県政NOW 「新型コロナウイルス対策について」
我が国で新型コロナウイルスが猛威をふるい、滋賀県では感染者の発表はされていない(2月25日の原稿執筆時点)ものの、恒例のびわ湖レイクサイドマラソンの中止をはじめ、県内各地でイベントが中止や延期を余儀なくされるなど県民生活に大きな影響が出始めています。とりわけ、高齢者施設や学校ではその対応に苦慮され、間もなく行われる高校受験の関係者にも不安が高まっていると思います。現在、開会中の県議会ではチームしが県議団の代表質問で新型コロナウイルスに対する県の対応や経済・観光に対する影響について質問しました。2月上旬に行われた県の調査では県内企業の6割以上が売り上げの減少などの影響があり、観光面でも宿泊のキャンセルなどが増えています。とりわけ中小企業への影響が懸念されるところですが、セーフティネットや緊急融資での対応など万全を期したいとの答弁がありました。
そして、知事を本部長とする対策本部においては2月4日に県庁の薬務感染症対策課や県内の保健所に「帰国者・接触者相談センター」を設置し、医師会などの関係機関と連携しながら対応のフローが明確にされ、症状のある方は直接医療機関へ行かず、センターへ相談のうえ、専門の「帰国者・接触者外来」を受診するよう呼びかけています。しかし、2月25日に発表された政府の基本方針によると今後の患者発生の状況によっては一般の医療機関での患者受け入れも検討されるようです。また、今回の流行の中でテレワーク(在宅勤務)が注目され、採用する企業も増えているようですが、行政、事業者、県民がそれぞれの立場で感染防止のため、やれることはすべてやりきることが重要だと思います。
このように混乱している状況においては行政からは的確で迅速な指示をすること、そして県民の皆さんは冷静に行動し、デマなどに惑わされないことが重要です。また、福島の原発事故の時もそうでしたが、差別的な言動や風評被害が多く発生する可能性があります。今回も咳エチケットが原因で乗客間の争いが起こり、電車が停止する騒ぎも起こるなど、社会全体に不安感がまん延しています。

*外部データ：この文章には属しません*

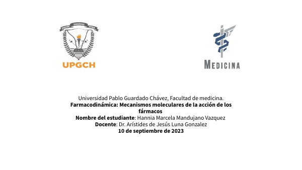 Universidad Pablo Guardado Chávez, Facultad de medicina.Farmacodinámica: Mecanismos moleculares de la acción de los fármacos Nombre del estudiante: Hannia Marcela Mandujano Vazquez Docente: Dr. Arístides de Jesús Luna Gonzalez 10 de septiembre de 2023
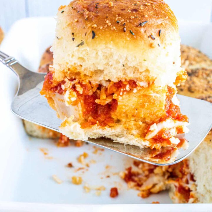 If you love chicken parmesan, this slider is chicken parm piled on a sweet bun. It makes a great mini portable sandwich.
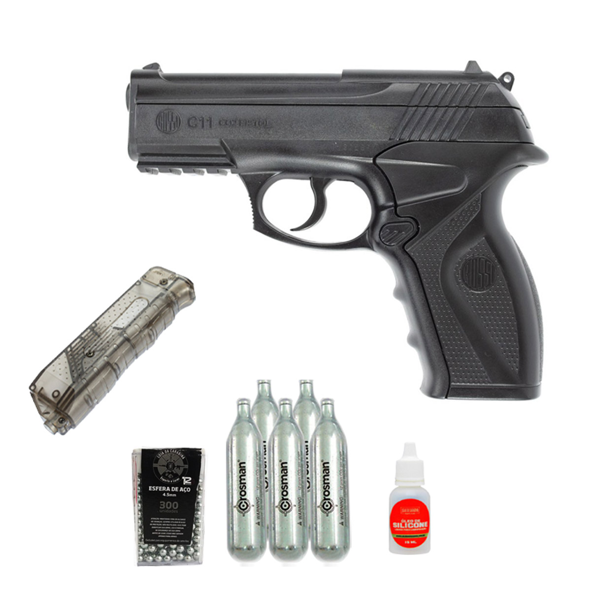 Para maior segurança e praticidade do atirador a C11 conta com uma trava de gatilho de fácil acesso, magazine com capacidade para 17 esferas de aço no calibre 4.5mm e trilho tático de 20mm para lanternas e acessórios
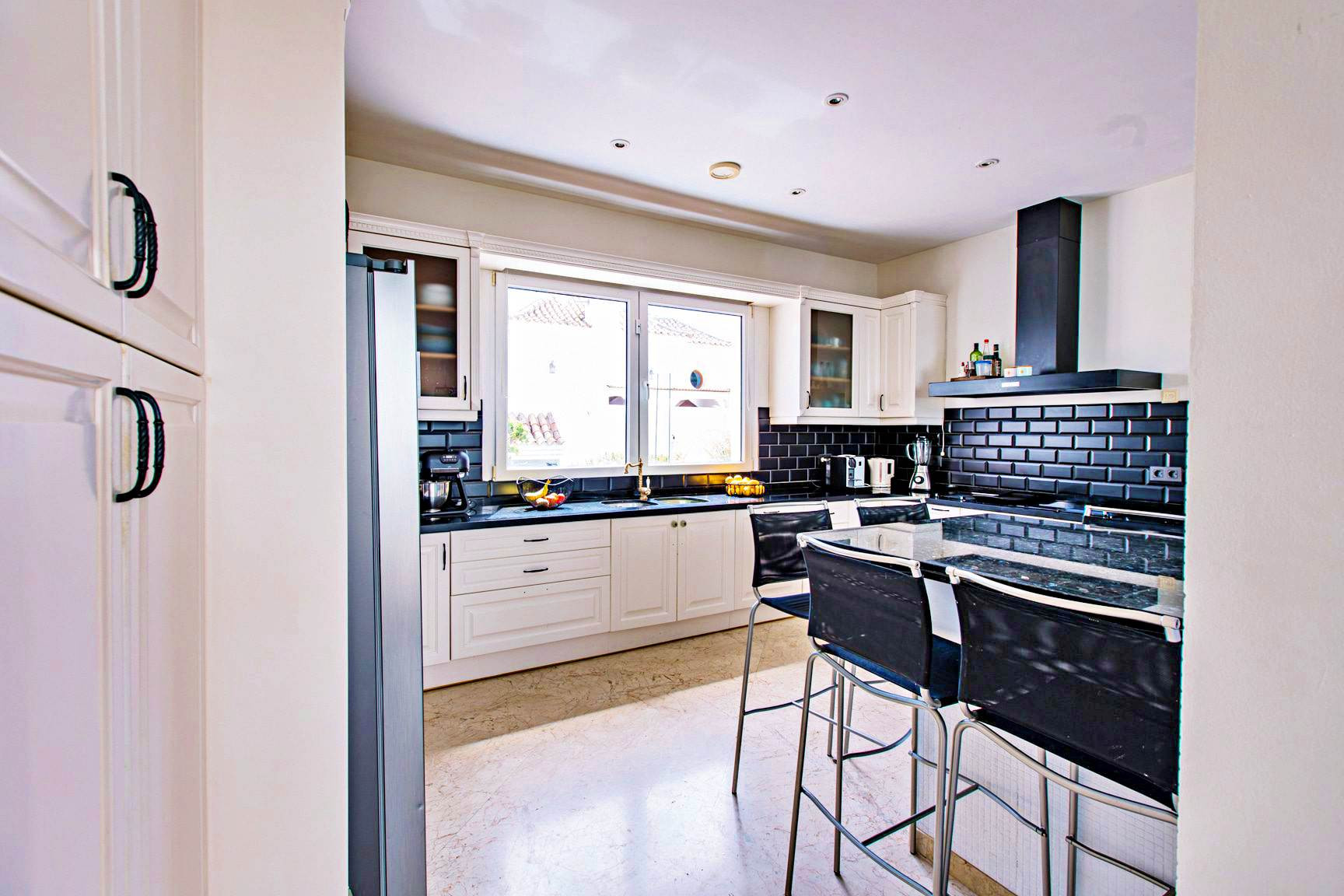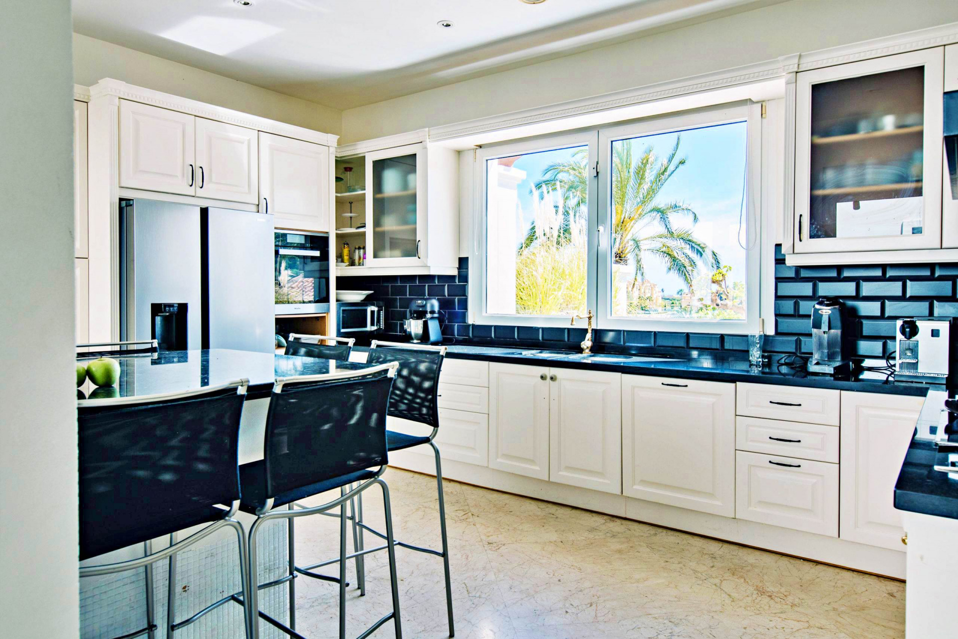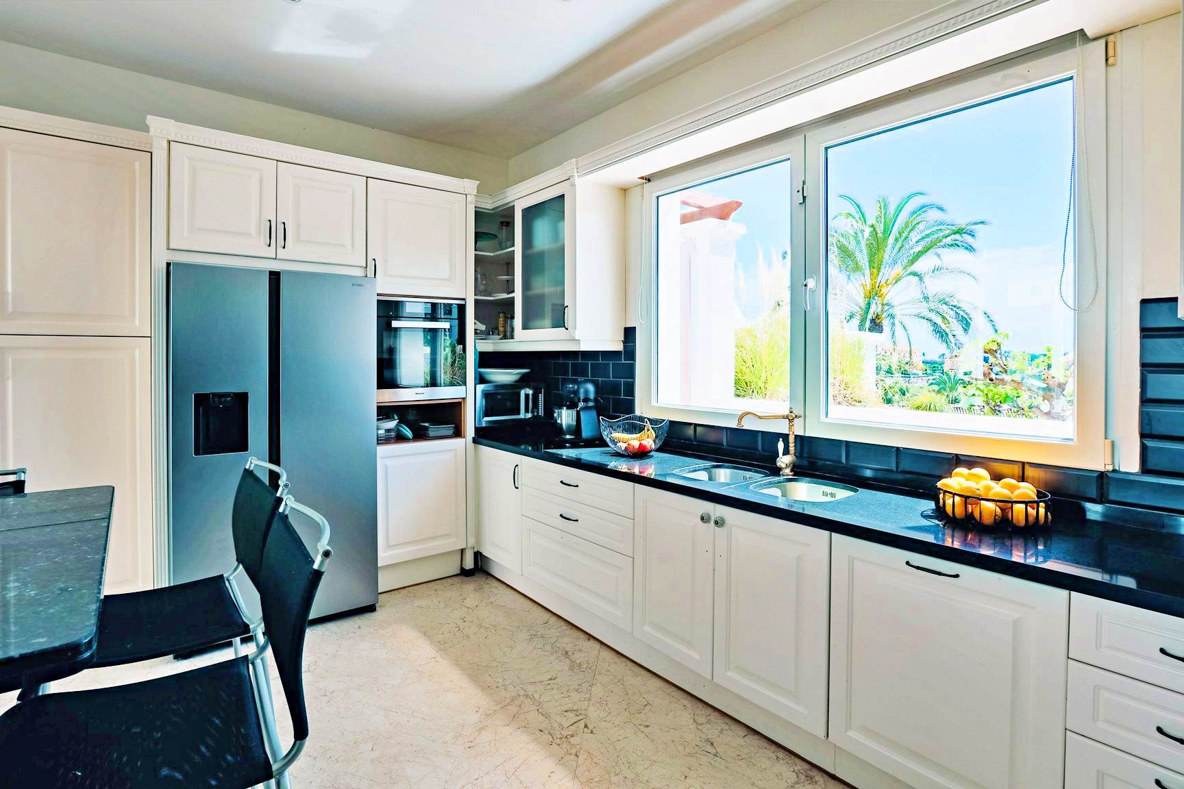 Villan har fyra badrum, en extra gästtoalett och en genomtänkt designad layout som inkluderar en separat gästlägenhet, idealisk för besökare eller utökad familj. Det fullt utrustade köket kompletteras med ett dedikerat matsal, ett tvättrum och ett förvaringsrum, catering till alla praktiska behov. Moderna bekvämligheter som luftkonditionering, satellit-TV, fiberoptiskt internet och Wi-Fi är sömlöst integrerade i hela fastigheten.

国会では野党が新型コロナウイルス対策の予算を確保するため新年度予算の組み替え動議を出すことを検討していますが、今こそ特別措置法を用いるなどして、国内での感染拡大を封じ込めるとともに、関連した企業倒産などが起こらないように経済対策に万全を期すことが重要です。まさに行政の危機管理が問われるときです。